+++ TASK INPUT

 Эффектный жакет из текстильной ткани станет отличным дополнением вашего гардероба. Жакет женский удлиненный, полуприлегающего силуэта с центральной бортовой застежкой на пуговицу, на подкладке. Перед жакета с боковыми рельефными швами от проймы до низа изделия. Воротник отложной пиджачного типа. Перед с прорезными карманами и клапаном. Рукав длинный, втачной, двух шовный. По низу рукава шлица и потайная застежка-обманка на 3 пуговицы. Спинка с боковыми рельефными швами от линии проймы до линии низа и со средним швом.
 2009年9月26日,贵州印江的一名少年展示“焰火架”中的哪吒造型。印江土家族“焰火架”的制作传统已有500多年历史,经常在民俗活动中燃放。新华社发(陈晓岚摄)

++++++
+++ TASK INPUT

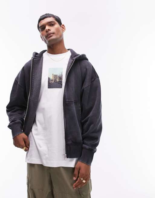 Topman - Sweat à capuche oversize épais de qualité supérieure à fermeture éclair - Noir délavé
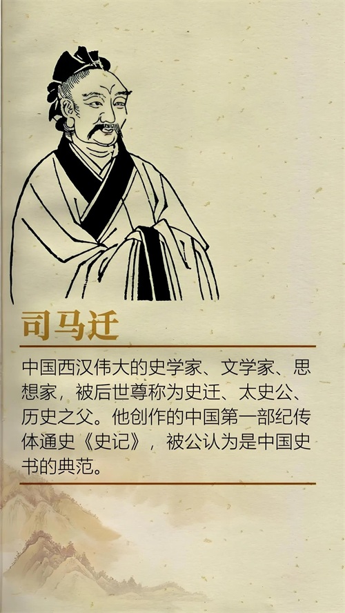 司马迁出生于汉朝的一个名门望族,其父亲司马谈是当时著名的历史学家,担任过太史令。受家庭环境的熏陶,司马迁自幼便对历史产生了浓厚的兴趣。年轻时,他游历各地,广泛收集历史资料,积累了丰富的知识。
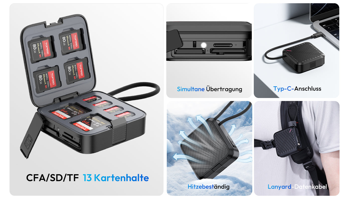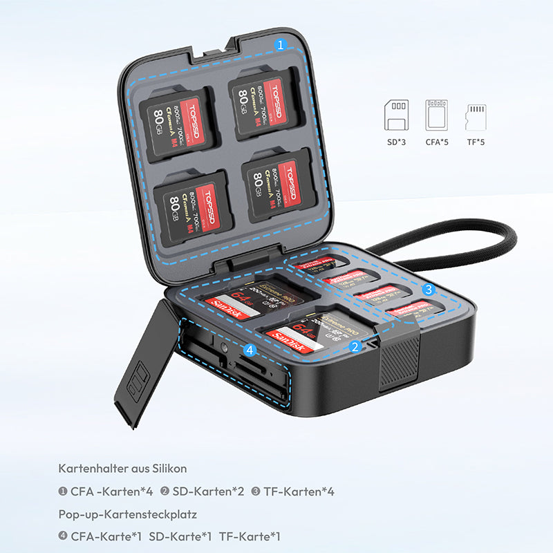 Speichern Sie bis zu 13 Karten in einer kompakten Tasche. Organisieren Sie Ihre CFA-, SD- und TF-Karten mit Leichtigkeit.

++++++

• ACTION ITEM:
Within the listing above, the stretch from the line with "司马迁出生于汉朝的一个名门望" down to the line with "Speichern Sie bis" is to be given again exactly, end lines included and pictures excluded.

• TASK RESPONSE:
 司马迁出生于汉朝的一个名门望族,其父亲司马谈是当时著名的历史学家,担任过太史令。受家庭环境的熏陶,司马迁自幼便对历史产生了浓厚的兴趣。年轻时,他游历各地,广泛收集历史资料,积累了丰富的知识。
 Speichern Sie bis zu 13 Karten in einer kompakten Tasche. Organisieren Sie Ihre CFA-, SD- und TF-Karten mit Leichtigkeit.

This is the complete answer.